FP8 Training with Intel Gaudi Transformer Engine¶

Intel® Gaudi® 2 AI accelerator supports 8-bit floating point precision (FP8) training using the Intel Gaudi Transformer Engine (TE) library.

The Intel Gaudi Transformer Engine library provides optimized implementations of PyTorch modules that perform computations in FP8 data type. This allows for better performance with lower memory utilization. The building blocks provided by TE can be used for popular Transformer architectures. An automatic mixed precision-like API can be used to configure and control the operation of the FP8-enabled modules in the code.
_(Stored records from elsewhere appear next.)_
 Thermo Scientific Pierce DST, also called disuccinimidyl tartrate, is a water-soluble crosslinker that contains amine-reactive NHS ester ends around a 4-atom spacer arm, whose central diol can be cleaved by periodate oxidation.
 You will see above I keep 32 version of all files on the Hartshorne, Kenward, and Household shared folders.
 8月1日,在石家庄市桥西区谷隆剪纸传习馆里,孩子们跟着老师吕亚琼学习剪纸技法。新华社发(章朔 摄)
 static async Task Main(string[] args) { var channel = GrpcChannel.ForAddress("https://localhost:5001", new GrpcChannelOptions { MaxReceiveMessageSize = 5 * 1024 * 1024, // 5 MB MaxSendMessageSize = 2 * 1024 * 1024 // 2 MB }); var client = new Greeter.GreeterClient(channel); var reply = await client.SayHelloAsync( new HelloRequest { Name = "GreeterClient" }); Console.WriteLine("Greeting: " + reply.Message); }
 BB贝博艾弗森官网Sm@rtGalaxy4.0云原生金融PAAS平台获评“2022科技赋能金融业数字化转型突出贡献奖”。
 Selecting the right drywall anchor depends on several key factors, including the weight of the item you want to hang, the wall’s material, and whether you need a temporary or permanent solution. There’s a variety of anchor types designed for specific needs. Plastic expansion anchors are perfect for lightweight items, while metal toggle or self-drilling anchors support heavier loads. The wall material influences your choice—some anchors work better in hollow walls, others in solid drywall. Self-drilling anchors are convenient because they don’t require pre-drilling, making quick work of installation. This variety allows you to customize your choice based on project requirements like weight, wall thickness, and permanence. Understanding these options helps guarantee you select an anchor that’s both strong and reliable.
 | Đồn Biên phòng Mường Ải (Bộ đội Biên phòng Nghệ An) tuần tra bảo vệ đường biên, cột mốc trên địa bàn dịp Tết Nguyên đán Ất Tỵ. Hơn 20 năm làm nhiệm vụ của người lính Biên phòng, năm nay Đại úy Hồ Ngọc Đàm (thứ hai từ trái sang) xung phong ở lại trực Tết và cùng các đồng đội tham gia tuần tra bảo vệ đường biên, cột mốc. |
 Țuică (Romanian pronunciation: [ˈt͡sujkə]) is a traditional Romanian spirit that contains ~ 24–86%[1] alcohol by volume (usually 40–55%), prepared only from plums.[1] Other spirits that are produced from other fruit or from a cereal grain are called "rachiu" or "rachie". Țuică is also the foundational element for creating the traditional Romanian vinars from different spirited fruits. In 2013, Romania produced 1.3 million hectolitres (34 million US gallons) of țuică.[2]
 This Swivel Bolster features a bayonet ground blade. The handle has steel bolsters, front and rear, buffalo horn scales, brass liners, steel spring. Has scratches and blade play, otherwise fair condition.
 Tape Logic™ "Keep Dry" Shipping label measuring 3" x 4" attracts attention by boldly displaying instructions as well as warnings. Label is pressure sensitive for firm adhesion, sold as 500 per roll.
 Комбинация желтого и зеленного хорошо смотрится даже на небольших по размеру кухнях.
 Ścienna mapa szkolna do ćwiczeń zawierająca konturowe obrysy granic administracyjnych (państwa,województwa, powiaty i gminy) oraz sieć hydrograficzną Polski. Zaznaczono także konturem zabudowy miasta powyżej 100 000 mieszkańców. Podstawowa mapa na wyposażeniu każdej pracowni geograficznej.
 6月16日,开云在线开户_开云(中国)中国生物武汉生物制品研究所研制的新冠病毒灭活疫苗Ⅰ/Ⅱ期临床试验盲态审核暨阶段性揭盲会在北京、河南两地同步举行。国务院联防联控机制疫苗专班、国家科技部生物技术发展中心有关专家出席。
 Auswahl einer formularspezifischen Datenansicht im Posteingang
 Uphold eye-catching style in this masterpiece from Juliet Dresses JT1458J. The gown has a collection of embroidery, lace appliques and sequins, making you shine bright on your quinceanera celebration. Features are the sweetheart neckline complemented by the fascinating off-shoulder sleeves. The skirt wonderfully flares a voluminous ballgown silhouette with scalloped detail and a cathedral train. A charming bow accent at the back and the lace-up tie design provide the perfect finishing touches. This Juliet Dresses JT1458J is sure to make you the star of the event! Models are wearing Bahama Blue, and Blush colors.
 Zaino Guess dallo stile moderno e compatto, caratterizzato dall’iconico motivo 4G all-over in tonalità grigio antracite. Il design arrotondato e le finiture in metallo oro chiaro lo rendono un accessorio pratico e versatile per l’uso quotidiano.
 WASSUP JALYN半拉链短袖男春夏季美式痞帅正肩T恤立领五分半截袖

Using Transformer Engine on Gaudi¶

To use TE on Gaudi, perform the following steps:

Import TE and use TE modules in your model, e.g. a te.Linear:

import torch
import habana_frameworks.torch.hpex.experimental.transformer_engine as te

# Set dimensions.
in_features = 768
out_features = 3072
hidden_size = 2048

# Initialize model and inputs.
model = te.Linear(in_features, out_features, bias=True)
inp = torch.randn(hidden_size, in_features, device="hpu")

Wrap the forward pass of the training with fp8_autocast:

from habana_frameworks.torch.hpex.experimental.transformer_engine import recipe

# Create an FP8 recipe. Note: All input args are optional.
fp8_recipe = recipe.DelayedScaling(margin=0, interval=1)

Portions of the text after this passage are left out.